Keywords

1 Introduction

Recently, deep learning has taken the computer vision area by significantly improving in many applications. Varieties vision tasks, such as image classification [1], object detection [2], have benefited from the robust and discriminative representation learnt via CNN models. For face recognition, methods in [3,4,5, 9] are far beyond excellent traditional hand-crafted features and classifiers [10, 11]. The accuracy on LFW [12] benchmark has been improved from 97% [13] to 99% [3, 14, 15]. A general framework of face recognition task consists of two steps. Firstly, a deep CNN model which is supervised by multiclass loss is trained to extract a feature vector with relatively high dimension. Then, combine with PCA [16], Bayesian [3,4,5] or metric-learning [14, 15] to get a more efficient low dimensional representation to distinguish faces of different identities. Meanwhile, huge amount of labeled face data is another important factor to the performance because deep learning is a data driven approach. The amount of training data can range from 100K up to 260M in their methods. Unfortunately, most of these data is western faces and some of them are not public. Therefore, how to use them appropriately is a headache problem.

In this paper, we will introduce our multiple-step method model training method for face recognition in the real scene for Asian face. In step1, we train a baseline model on a global large-scale dataset which mainly enhanced the generalization ability of model. In step2, we improved the specificity of the model by using the data which has closer data distribution in the real scene. And in the last step, metric learning is used to make the model more discriminative and expressive. Meanwhile, some strategy including data cleaning, data augmented and data balance are used in the model training to improve the whole performance. Experiments will show how each step influence the performance in the part of experiment.
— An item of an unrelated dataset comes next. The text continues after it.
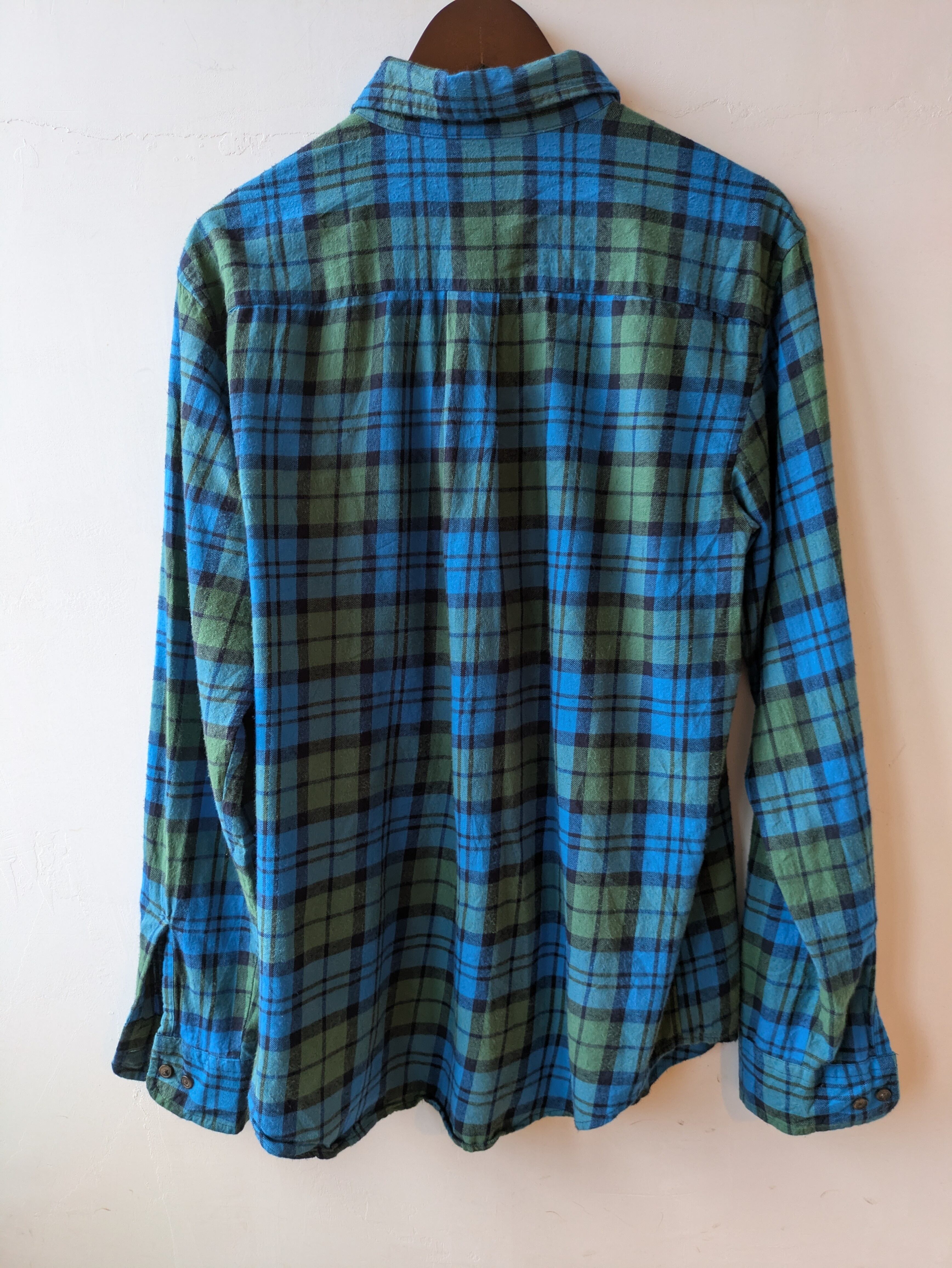 アメリカンヴィンテージの魅力が詰まったブルー系チェック柄フランネルシャツです。柔らかいフランネル生地は暖かく肌触りも良いので、肌寒い日の羽織りとしても着回しの効く1着。

Moreover, we will demonstrate the possibility of the utilization of face verification technique in real world.

The rest of this paper is organized as follows: In Sect. 2, we introduce our work for the three steps mentioned above in detail. Some experiments are presented and analyzed in Sect. 3. Finally, we draw a conclusion in Sect. 4 with a brief summary.

2 Method

We target our method on face recognition model training aiming at Asian faces in the real application scene. Since the CNN model is in a data-driven way, and collecting enough Asian face data to train a perfect model is so hard that no one can achieve. However, there are a lot of Western face database are public that we can utilize these resources for the model training and transfer some of the learning result to Asian faces. So we propose three steps to train the CNN model: (a) pre-train a baseline model base on a global large-scale face data with different ages and nations; (b) fine-tune the model on smaller Asian face image; (c) learning the metric embedding during the real-scene face situation. The process of the training frame is shown in Fig. 1. The details of each step of our approach are presented in the following subsections.

Fig. 1.
figure 1

Training frame

2.1 Network Architecture

Before we introduce the detail of the three training steps, we first introduce the architecture of the CNN network used in this paper. The detailed architecture is shown in Fig. 2. It closely follows the architecture of the residual network [1] for it can solve performance degradation problem as learning depth increasing using of identity mapping by shortcuts. And compared with the VGG method in [14], it shows better speed advantage with 3.6 billion FLOPs (multiply-adds), which is only 18% of VGG-19 (19.6 billion FLOPs) [14].

Fig. 2.
figure 2

Architectures of residual net

2.2 Data Preparation

To achieve ultimate accuracy, the training dataset for CNN is becoming larger (Table 1). Several face datasets have been published such as CASIA-WebFace [9], CelebFaces+ [3], VGG face dataset [14] and MSCeleb-1M [17]. As shown in Table 2. The published face databases are becoming larger and larger.

Table 1. Some common face training datasets
Table 2. Test result on LFW

As mentioned at the beginning of Sect. 2, our three steps training process need different kinds of dataset to satisfy different training purpose. Firstly, we need a wild range of face data to meet general recognition need, and then narrow the scope of face data gradually in the next steps since the application scene is more specific. Therefore, we prepare three kinds of different dataset.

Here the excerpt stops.